Hyper.nl · ‎2023-05-11

The usage of a single 24V LiFePO4 battery is actually quite a nice idea. It may help to prevent any balance issues, if any. I just took 2x 12V replacements to stay the nearest to what the APC expects.

PowerTech Systems also has a 24v variant. The connectors will be at a different place and you need to check if the physical dimensions are right for this unit.
https://www.powertechsystems.eu/wp-content/uploads/specs/PowerBrick_PRO+_24V_32Ah_Lithium-Ion_batter...

Javik_apc · ‎2023-05-11

Also there is another problem with these LiFePO4 substitutions. You need to carefully examine the specifications for the substitute battery to make sure the onboard BMS can actually output the full capacity of the original lead-acid battery pack, for the maximum load watts for the UPS.

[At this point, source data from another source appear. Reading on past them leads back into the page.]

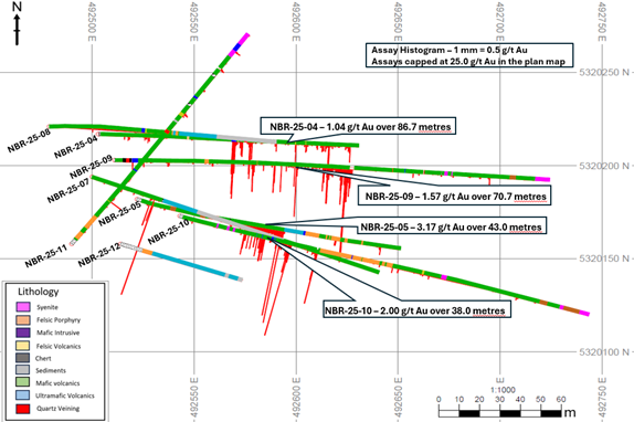 Drillhole NBR-25-09 was drilled to test for the gold zone between NBR-25-04 and NBR-25-05 and above the fault and ultramafic sequence referenced above, while Drillhole NBR-25-10 was drilled to test the mineralized zone above NBR-25-05.
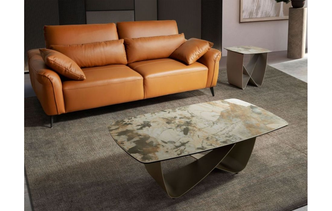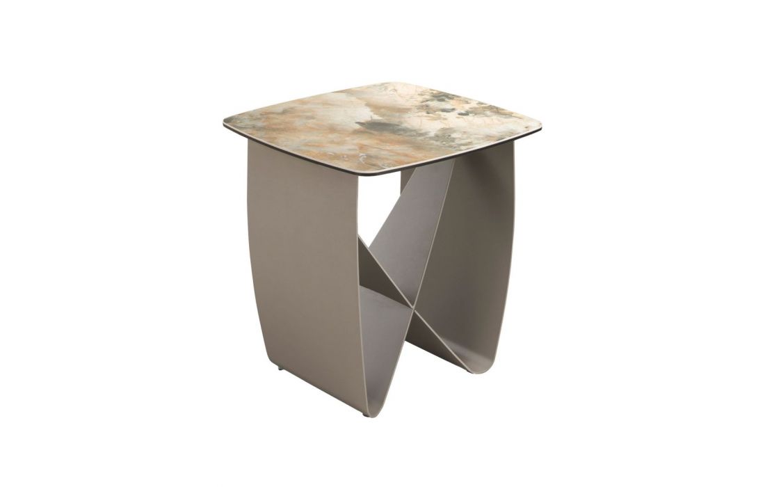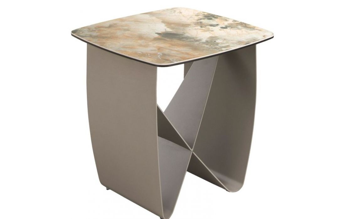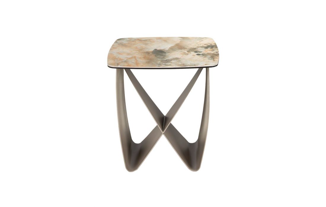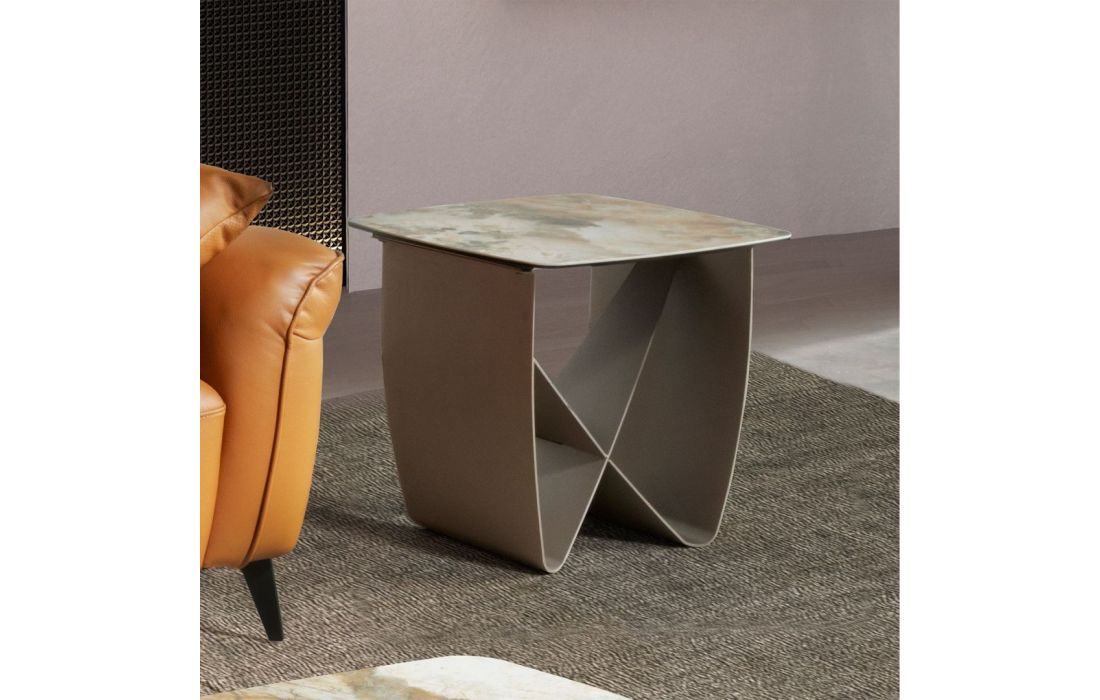 Modern side table with matte finish marble top and metallic finish stainless steel legsRecipient :
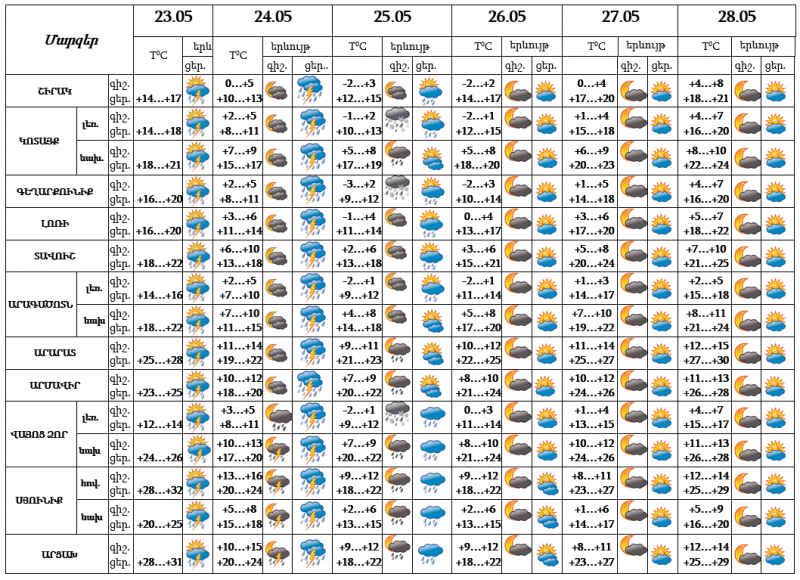 Մայիսի 23-ի ցերեկը, 24-ին, 25-ի գիշերը ժամանակ առ ժամանակ սպասվում է անձրև և ամպրոպ, ամպրոպի ժամանակ քամու ուժգնացում՝ 15-18 մ/վ: Մայիսի 25-ի ցերեկը, 26-28-ը սպասվում է առանց տեղումների եղանակ:
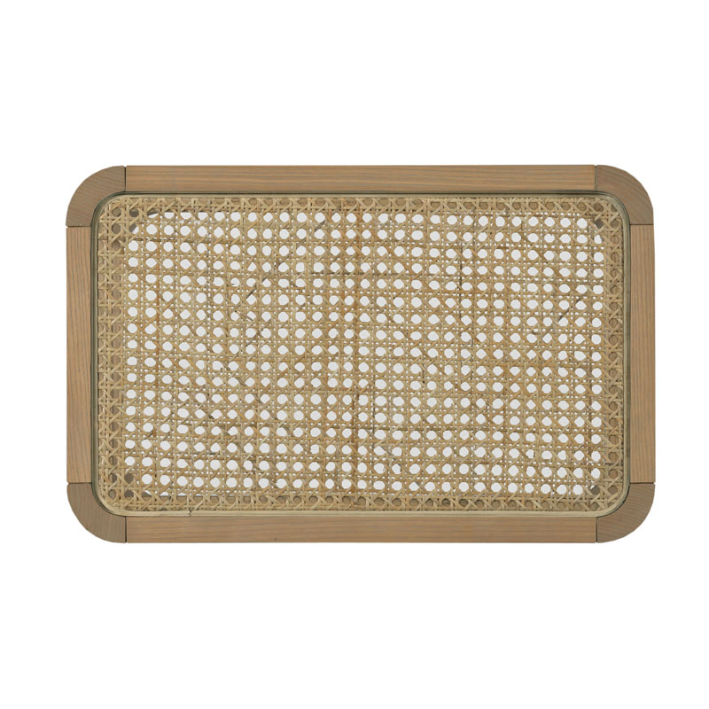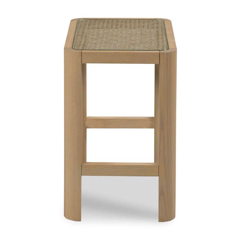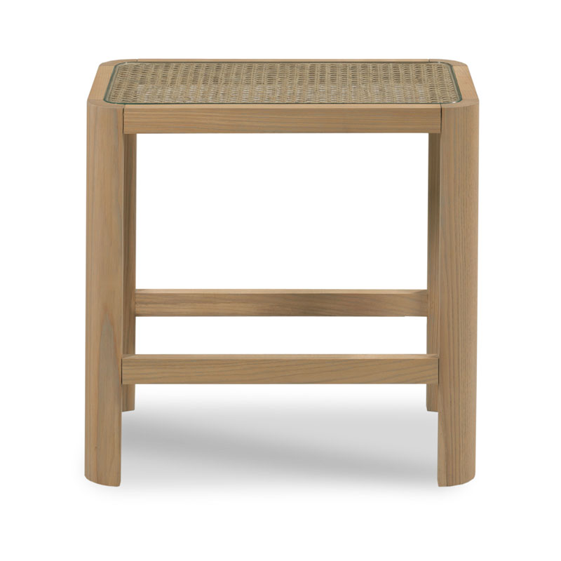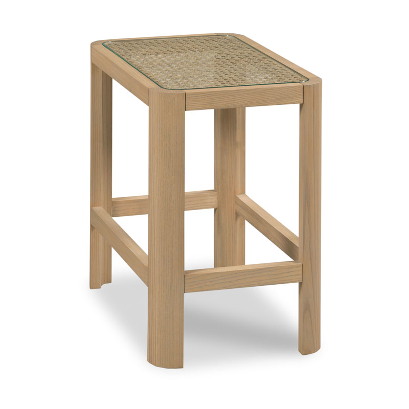 Clean lines and minimalism define this handy table. A rectangular inset glass top is accented with open traditional cane underneath supported by quarter round corner posts.Material: Ash solids and veneer with 3/8 tempered glass
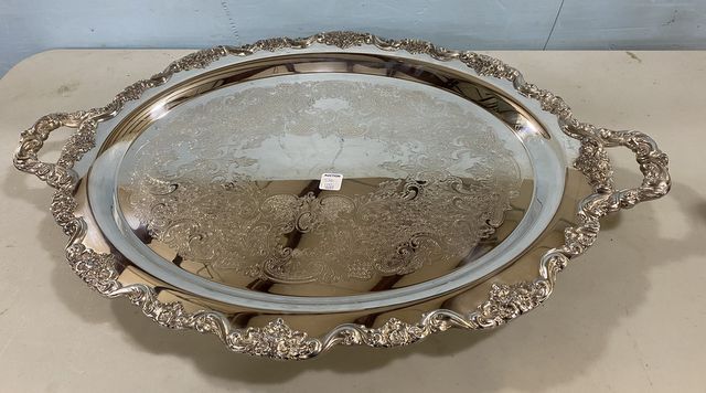 E.P.C.A Silver Plate Footed Serving Tray, handled, good condition, 30"w. E.P.C.A Silver Plate Footed Serving Tray, handled, good condition, 30"w.
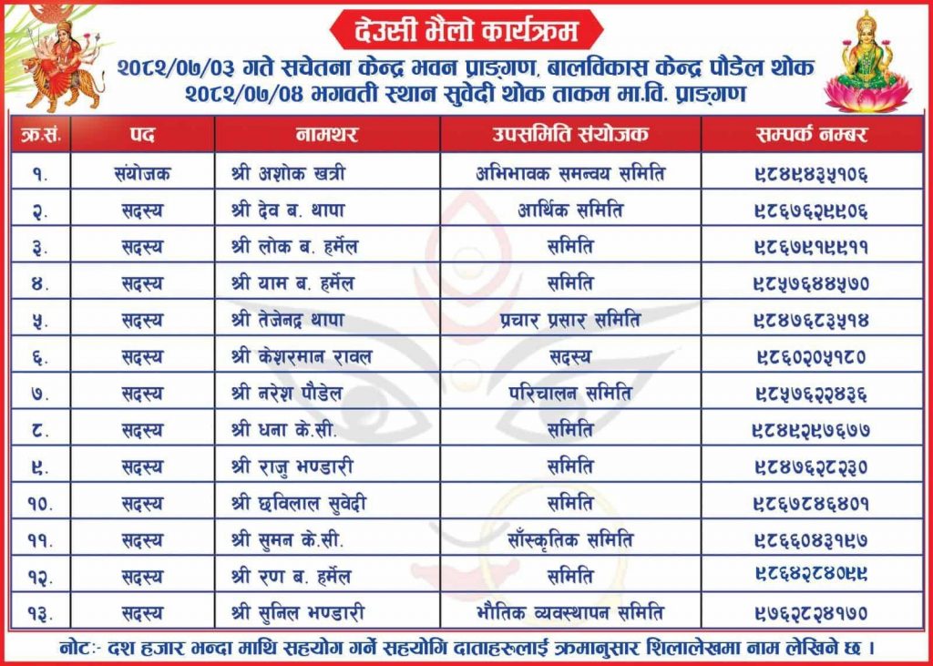 वडा अध्यक्ष समेत रहेका विद्यालय व्यवस्थापन समितिका अध्यक्ष अशोक खत्रीको नेतृत्वमा विभिन्न उपसमितिहरु गठन गरेर देउसीभैलो कार्यक्रमको तयारी गरिएको विद्यालयका प्रअ ई. केशरमान रावलले बताउनुभयो ।
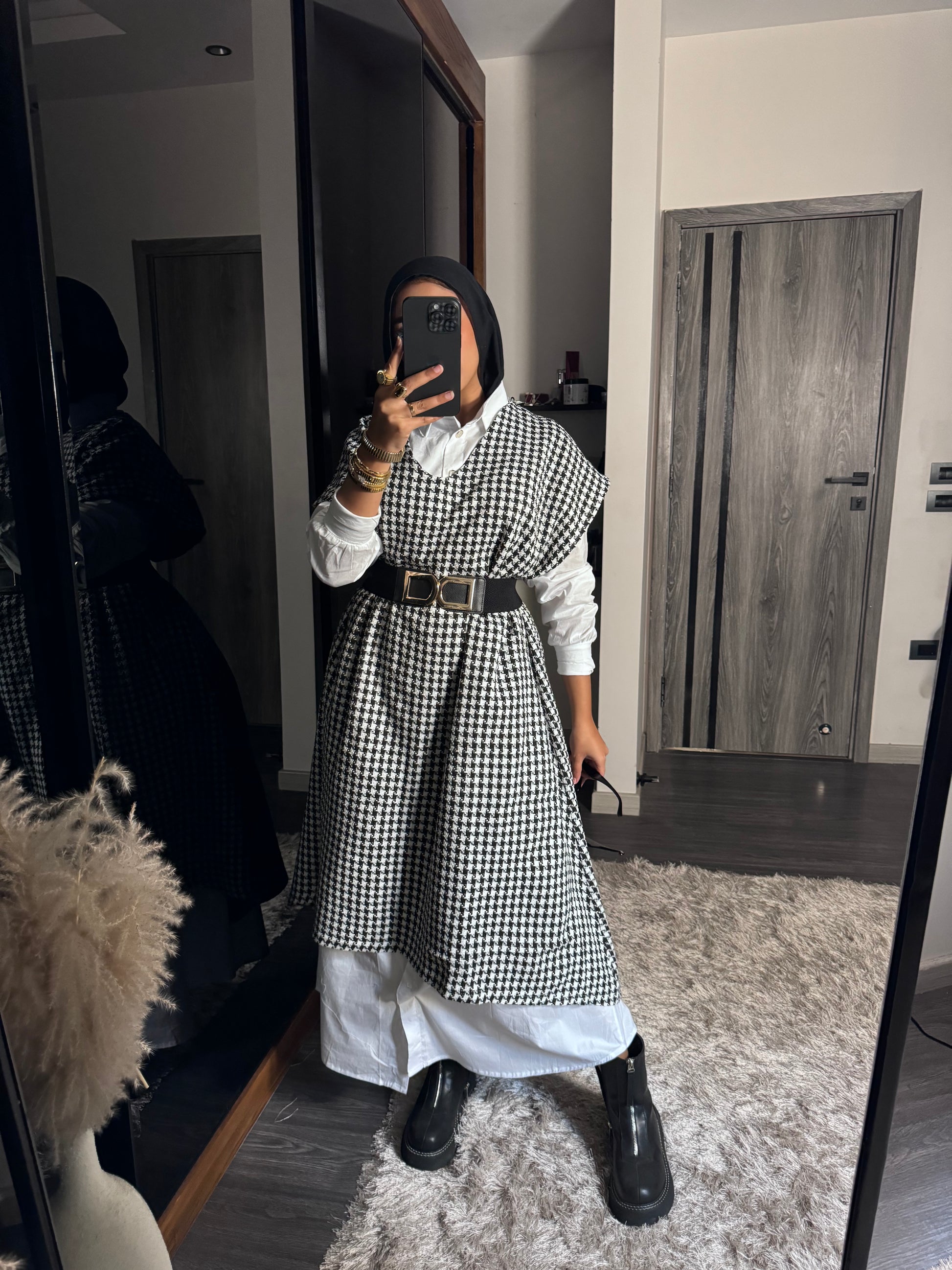 Hounds Tooth Overlay Dress: Sleeveless V-neck dress with a bold black-and-white hounds tooth pattern, exuding a chic vintage-inspired look.

In the UPS I am discussing here: APC SMT1500 - Maximum load 1000 watts, 1500 VA

Lead acid battery, general characteristics:

Full charge = 13.6v * 2 = 27.2 volts
Full discharge = 10.5v * 2 = 21.0 volts

As any kind of battery discharges, gradually the amperage increases:

1000 watts / 27.2 volts = 36.7 amps
1000 watts / 21.0 volts = 47.6 amps

The PowerBrick 12v / 30ah Standard will not work for this, but the PowerBrick Pro+ can do it... nearly.

(Whether the Pro+ actually drops to 21.0v at end of lithium discharge, I don't know.)

https://www.mylithiumbattery.com/shop/12v-lithium-ion-battery-packs/lithium-battery-12v/lithium-ion-...

Standard:

Maximum continuous current: 30 amps
30 second peak current: 45 amps

Pro+:

Maximum continuous current: 45 amps
30 second peak current: 70 amps

Meanwhile this lower-quality 12v LiFePO4 of a similar physical size from ExpertPower is pretty much useless:

https://www.expertpower.us/products/ep1220-20ah

ExpertPower EP1220

Continuous current: 20 amps
Permanent discharge: 45 amps for 2 seconds

You would have to use two of the much larger ExpertPower battery that won't physically fit in the APC 1500VA battery compartment.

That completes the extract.